LA AGENDA LOCAL 21 DE CALVIÀ EN LAS ISLAS BALEARES

Fernando PRATS PALAZUELO

Résumé

Avec plus de 150.000 lits et 50.000 habitants, Calvià, dans l’île de Majorque, est une des stations les plus importantes du littoral méditerranéen. Son développement touristique a commencé avec le début du tourisme international en Espagne dans les années soixante. Ensuite, et particulièrement pendant les années 1960-1980, le modèle de développement touristique a été basé sur le court terme, avec une urbanisation illimitée, qui n’était pas en harmonie avec les conditions locales, et une exploitation ne respectant pas les ressources naturelles exceptionnelles, mais fragiles. Avec pour conséquence de tout ceci, une pression humaine qui s’est multipliée par cent, dépassant la capacité de charge de ce littoral.

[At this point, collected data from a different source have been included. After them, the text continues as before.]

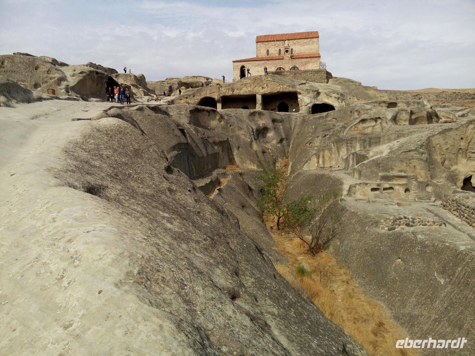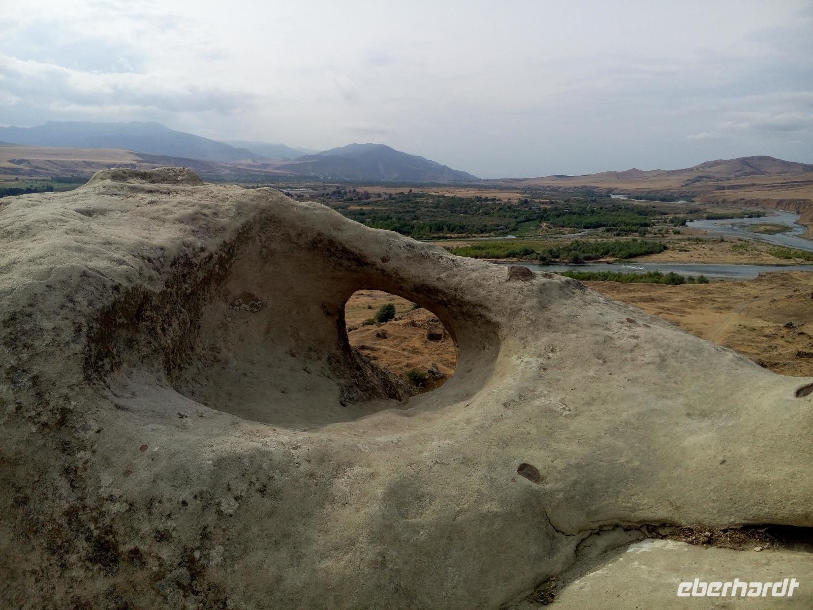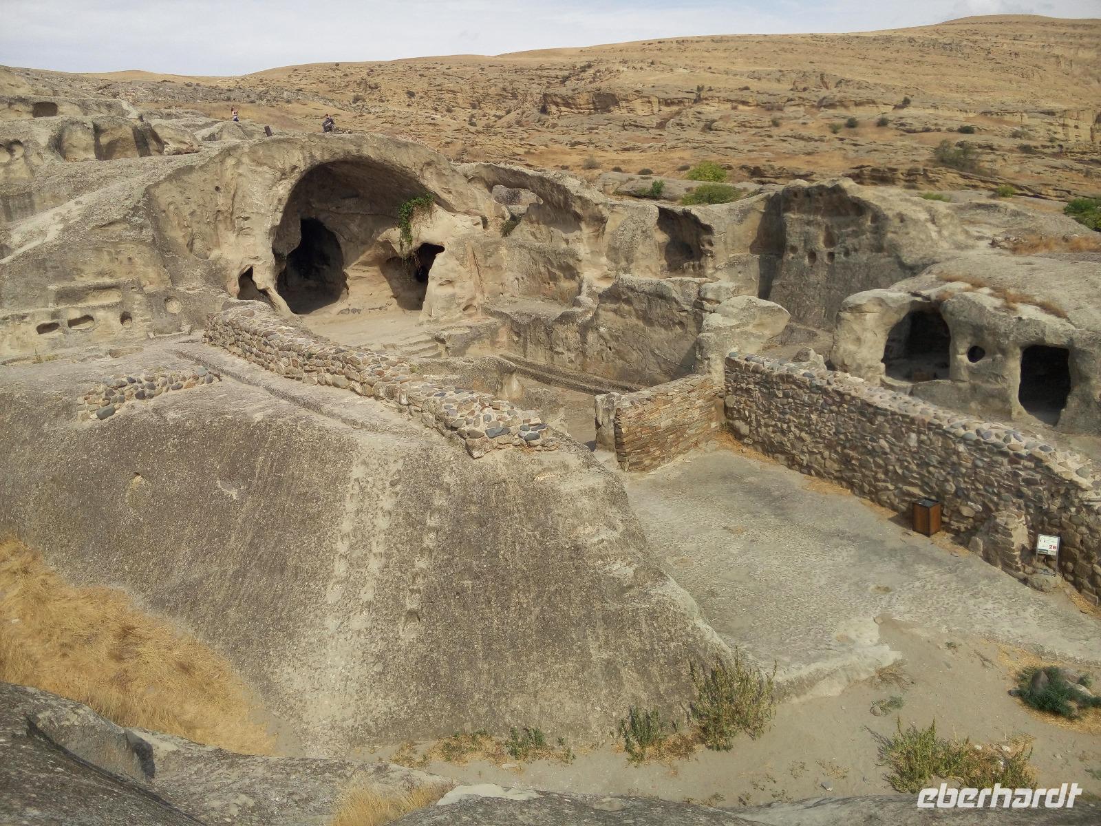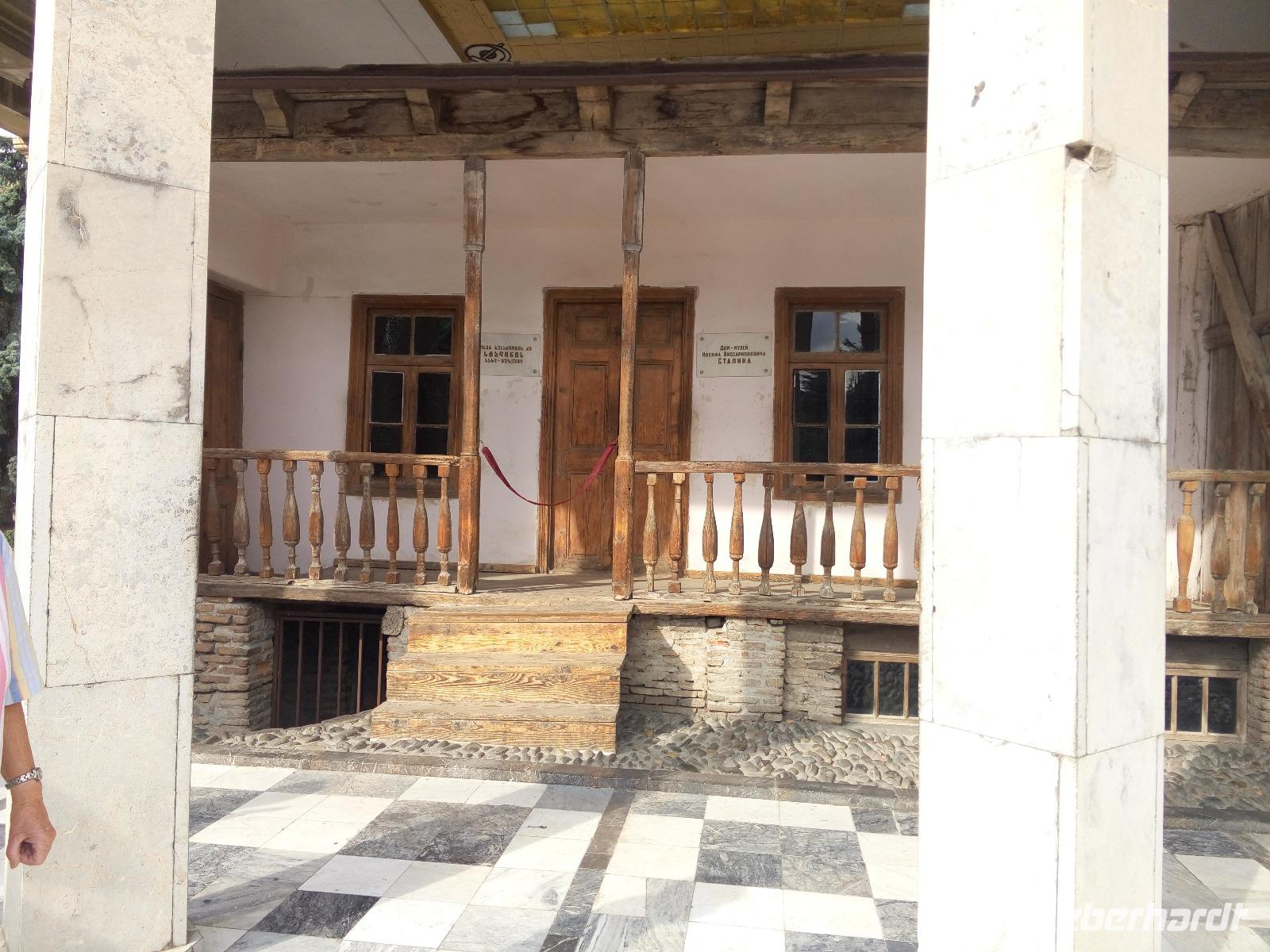 An diesem Tag nach dem frühen Frühstück haben wir einen kleinen Stadtrundgang gemacht. Natürlich, das interessanteste war der Markt, der sich nicht weit von unserem Hotel befand. Wir haben Weintrauben und eine riesige Wassermelone gekauft. Selbstverständlich, Nüsse, georgischen Tee und weitere Spezialitäten. Heute lag unsere Reise über Gori, Höllenstadt Uplisziche nach Tbilisi, die Hauptstadt von Georgien. Damit wir das wechselbare Wetter besser genießen konnten, haben wir erstmal die Höllenstadt besucht und dann eine kleine Pause bei dem Stalinmuseum in Gori gemacht. Gori ist die Stadt, wo Stalin geboren wurde, deswegen steht dort ein Haus wo er als Kind gelebt hat und ein großes Museum.
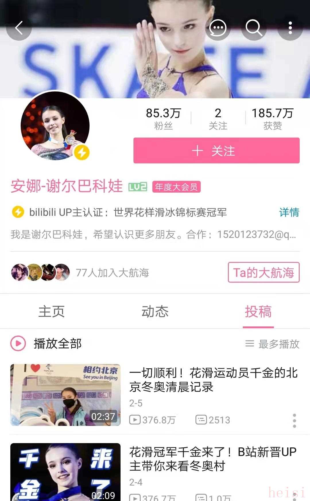 昵稱“千金”的謝爾巴科娃冬奧吸粉無數(shù)。(圖源B站)
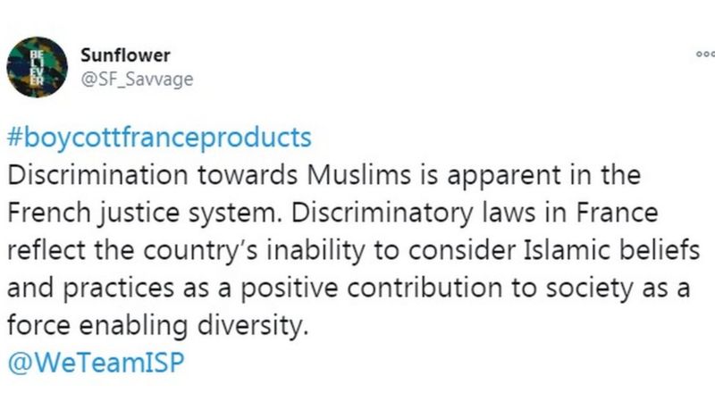 سن فلاور نامی ٹوئٹر ہینڈل سے لکھا گیا کہ ’فرانسیسی نظام عدل میں مسلمانوں کے ساتھ امتیازی سلوک واضح ہے۔‘
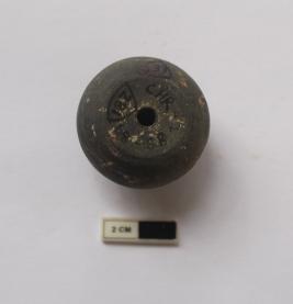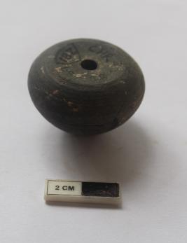 | Description / विवरण | A terracotta arecanut shape bead. It is gray in color. |
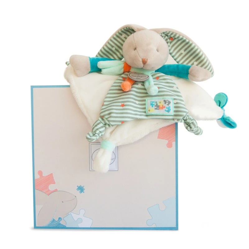 Doudou & Compagnie vous présente son adorable Happy, un lapin bleu et rayé décliné en doudou carré souple pour réconforter et amuser bébé tout au long de la journée. Souple et de taille adaptée aux petites mains de bébé, le doudou Lapin Happy est facile à attraper. Ses grandes oreilles, ses longues pattes et ses petits noeuds sont autant de choses à saisir et à mordiller. Placé dans son joli coffret, le doudou Happy Doudou & Compagnie est le cadeau naissance idéal.
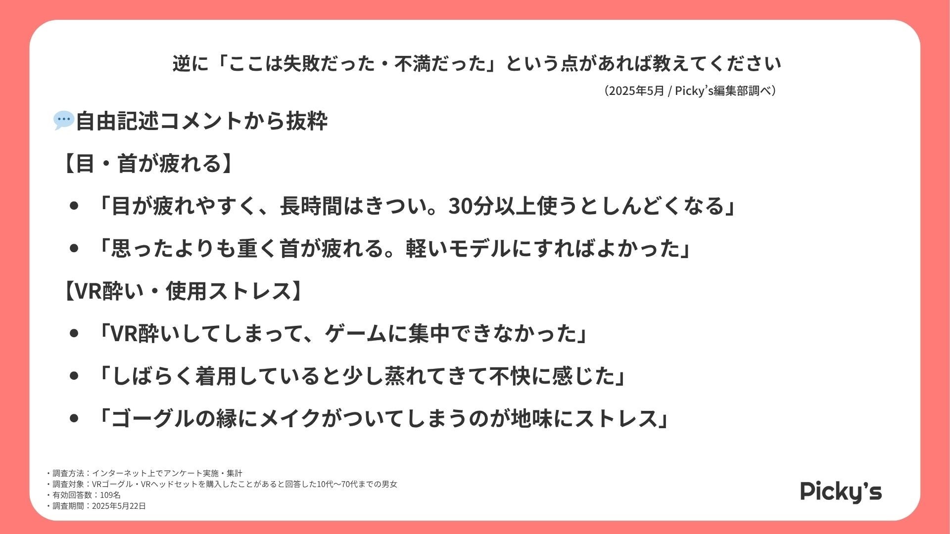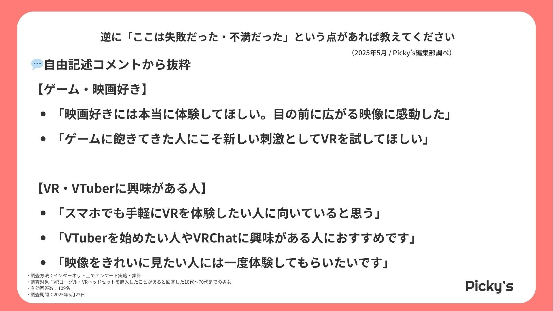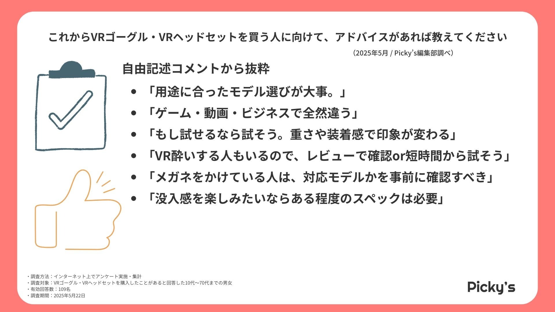 このたびPicky’s(https://picky-s.jp/)およびPicky’s Life(https://pickys-life.jp/)では、インターネット上でVRゴーグルに関するアンケート調査を実施し、その結果を発表します。
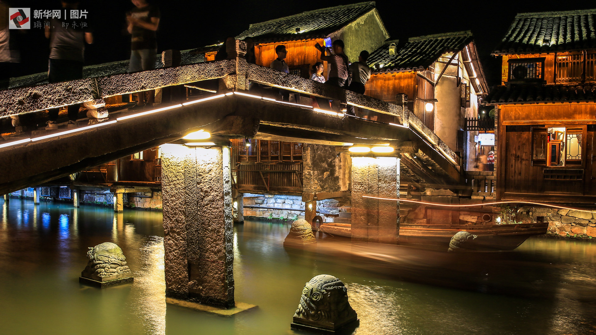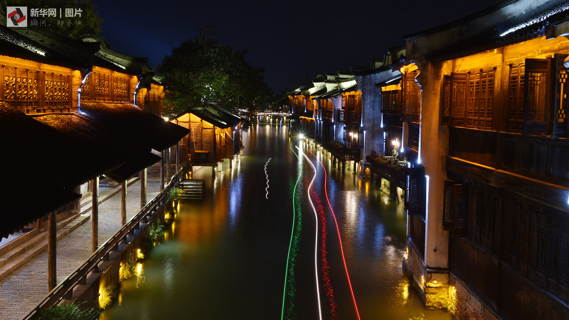 11月14日拍摄的乌镇西栅景区夜景。乌镇景区免费无线网络已实现全覆盖。 11月16日至18日,第三届世界互联网大会将在浙江乌镇举行。因为与互联网全面跨界融合,乌镇如今不只有古韵风情,互联网带来的红利正日益渗透当地百姓的生活。经过近些年的建设,乌镇的互联网品牌效应愈发彰显。新华社记者黄宗治摄
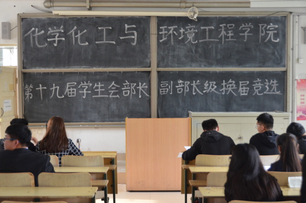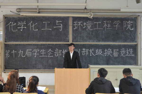 10月14日,化学化工与环境工程学院举办了第19届学生会部长、副部长竞选活动。第18届学生会主席马超、第19届学生会主席赵志浩以及主席团成员参加活动并担任评委,2017级学生会干事们参加了竞选演讲。
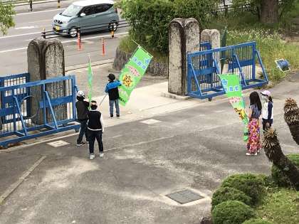 生活委員会による挨拶運動が行われていました。気持ちのよいあいさつで,一日をスタートしています。
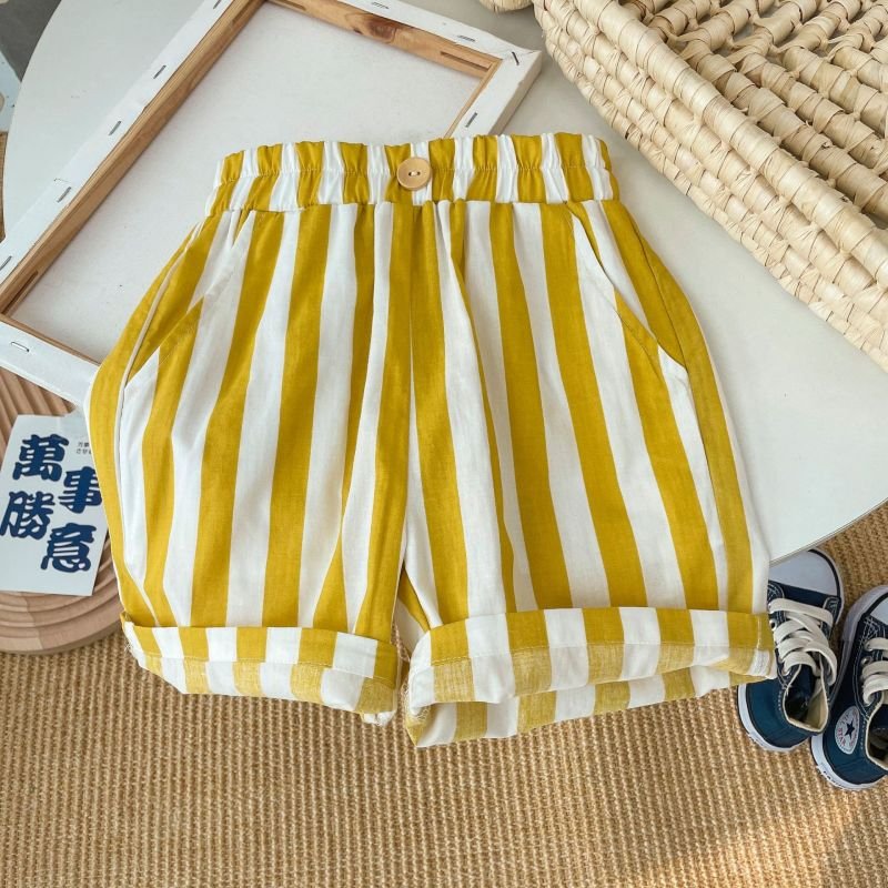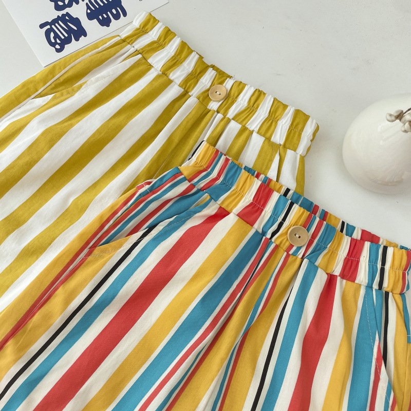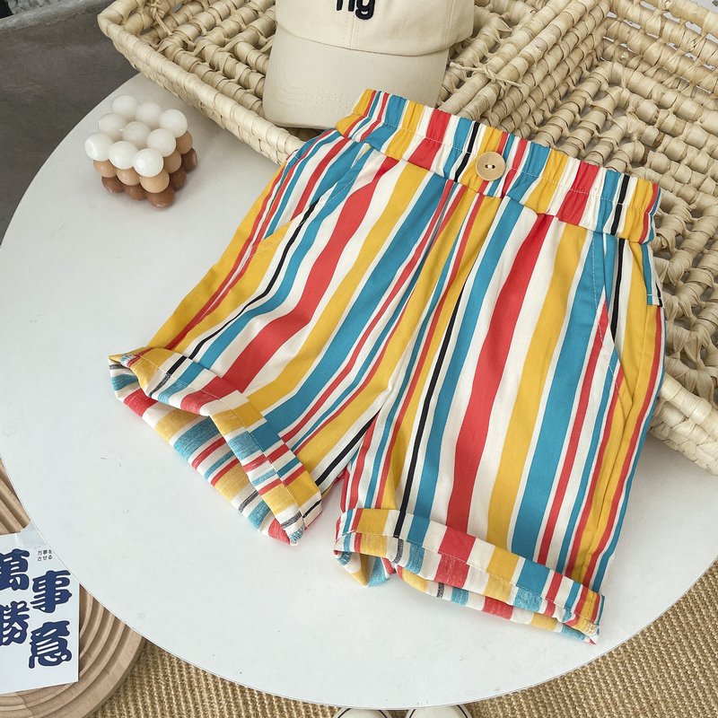Kids Casual Color Blocking Elastic Waist Stripe Loose Shorts
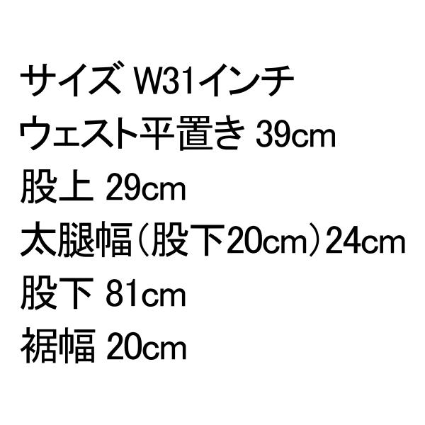 ・サイズW31インチ/ウェスト平置き39cm/股上29cm/太腿幅(股下20cm)24cm/股下81cm/裾幅20cm
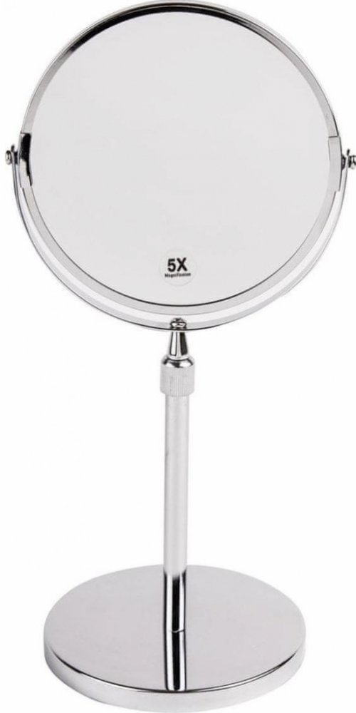 Elegantní zrcátko s podstavcem je oboustranné a nabízí 1násobné a 5násobné zvětšující strany pro zobrazení i těch nejmenších drobností.
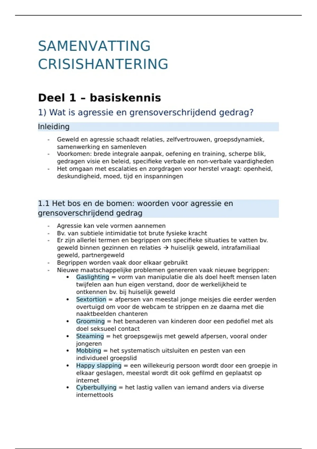Samenvatting van het vak crisishantering. Wordt gegeven in de richting orthopedagogie, KDG in het tweede jaar. Samenvatting van het boek: 'Antwoorden op agressie en grensoverschrijdend gedrag'. Deel 1 en deel 2 zijn samengevat. Deel 3 zijn oefeningen. Ook notities uit de les.
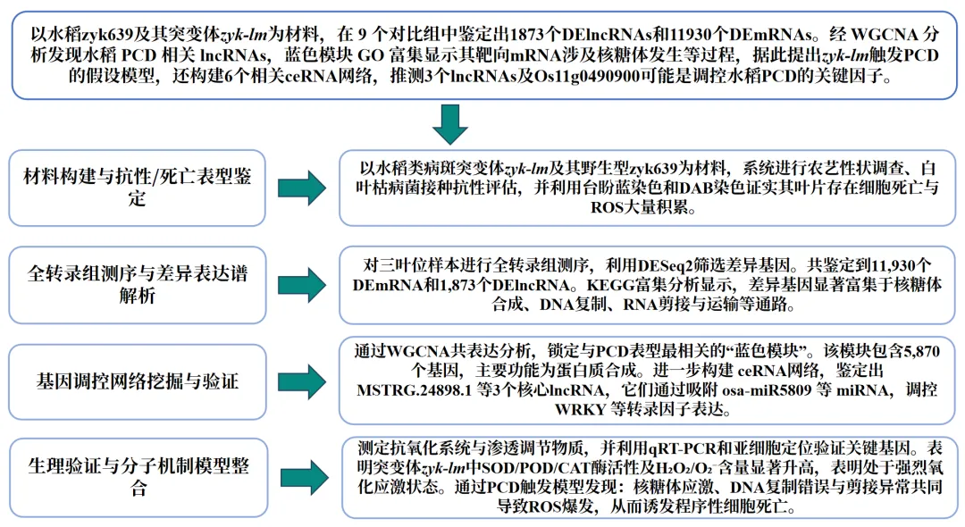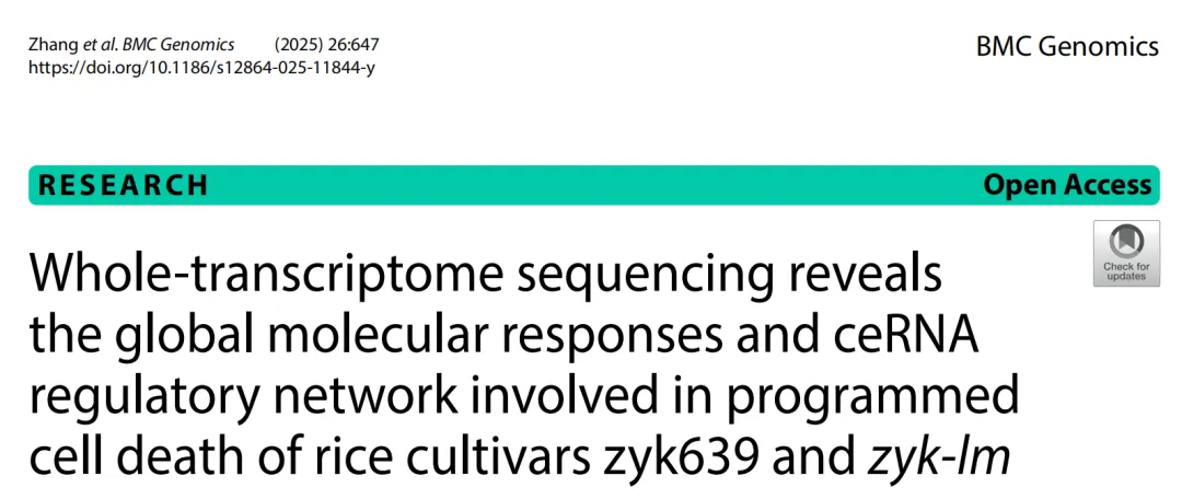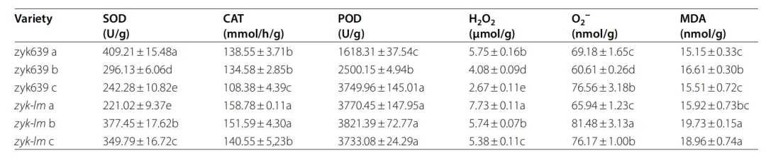 已有研究表明,植物中ROS和H₂O₂的过量积累可引发PCD。因此,本研究通过检测zyk639和zyk-lm中的过氧化物含量、抗氧化酶活性及渗透调节物质含量,探究水稻PCD中的抗氧化系统变化。如表1和表2所示,zyk639与zyk-lm不同叶位的抗氧化酶活性和渗透调节物质含量存在显著差异(p<0.05):zyk-lm的SOD、POD、CAT活性及MDA含量均高于zyk639,且zyk-lmb的抗氧化酶活性高于zyk-lma和zyk-lmc;O₂⁻和H₂O₂含量变化趋势与抗氧化酶活性基本一致;zyk-lma的脯氨酸含量为35.97μg/g,显著高于其他样本,分别是zyk-lmb的2.22倍、zyk639c的2.13倍;而zyk639的可溶性蛋白含量高于zyk-lm,其中zyk639a的可溶性蛋白含量是zyk-lmc的1.44倍;zyk-lmb的可溶性糖含量最低,为17.92mg/g(表2)。

Initiés au cours des années 90, en collaboration avec le ministère du Commerce et du Tourisme, et le conseil municipal, conscients de l’inadaptation du modèle de croissance touristique illimité, dans un premier temps un Plan d’Excellence et en 1995 un Agenda local 21 ont été conçus suivant les orientations du Sommet de Rio et du 5ème Programme de l’Union Européenne. En 1997, a été approuvé et mis en pratique un plan d’actions avec 10 lignes d’actions et 40 initiatives concrètes. Un observatoire du développement durable et de la qualité de vie locale a évalué le travail réalisé pendant la période 1997-2000.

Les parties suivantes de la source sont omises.